AprilJean | Dec 25, 2011, 11:45 PM EST
I have made many a great connection in Ireland from looking up family with the census information! I have made connections with cousins in Ireland whom I will meet when I go over there in Feb! Mr Gail, what a heart warming story! That is truly a touching bit of information you shared.
carrickcourt | Dec 25, 2011, 11:18 PM EST
While my Irish lot had left Ireland in 1885 I have enjoyed finding collateral relations in both the 1901 and 1911 Irish census. One household I found in one is censuses had a father in law in the household which helped in determining the household's heads wife's family name. Of course ages people report in these censuses records are suspect at times as a lot of people, especially older persons, often did not know exactly when they were born. Church registers can help, especially baptisms, with age problems with the census records. Always nice to find kin one knew of or remember in the census records. I met an older distant female cousin in Toronto, Ontario, Canada in the mid 1960's who I found in Dublin in the 1911 Irish census.
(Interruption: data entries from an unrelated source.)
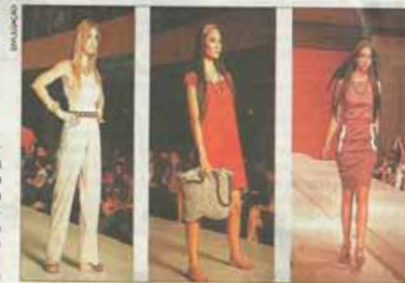
Três modelos mostram roupas criadas por alunas da Unama

NA PASSARELA Alunas do curso de moda fizeram sucesso com a coleção "Igaçaba"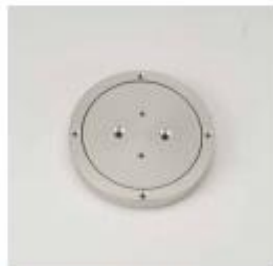
37. 턴 테이블 GTO-2000용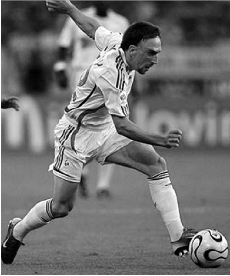
რიბერი რეალს შეუერთდება

მოთამაშის ტრანსფერზე საბჭოს ნებართვა საერთოდ არ არის საჭირო.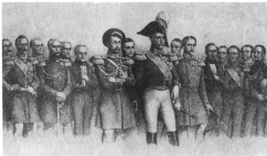
Николай I и его сподвижники в 1854 г. (с французской литографии)

christilcaugh | Dec 25, 2011, 06:09 PM EST
Doing genealogy, I understand your excitement...and that feeling of loss, too. Well said.
Searlit | Dec 25, 2011, 05:22 PM EST
Nice story. Merry Christmas Mr. O'Dowd.
Ms.Gail | Dec 25, 2011, 01:20 PM EST
Last St. Patrick's Day I had the opportunity to show my nearly blind mother the computer screen with the handwriting on the 1901 census of her two grandmothers, neither of whom lived 'til she was able to visit in 1946. Tears filled her eyes and she reached out to run her finger over their signatures on the screen. I am so glad she got that glimpse of them in her 91st, and last, year. Unfortunately my father passed in '86 but he, too, would have been touched. My parents were proud to be 1st generation Americans and proud to know they were also Irish citizens. Any bits and snippets that can be added to this treasure will be much appreciated too.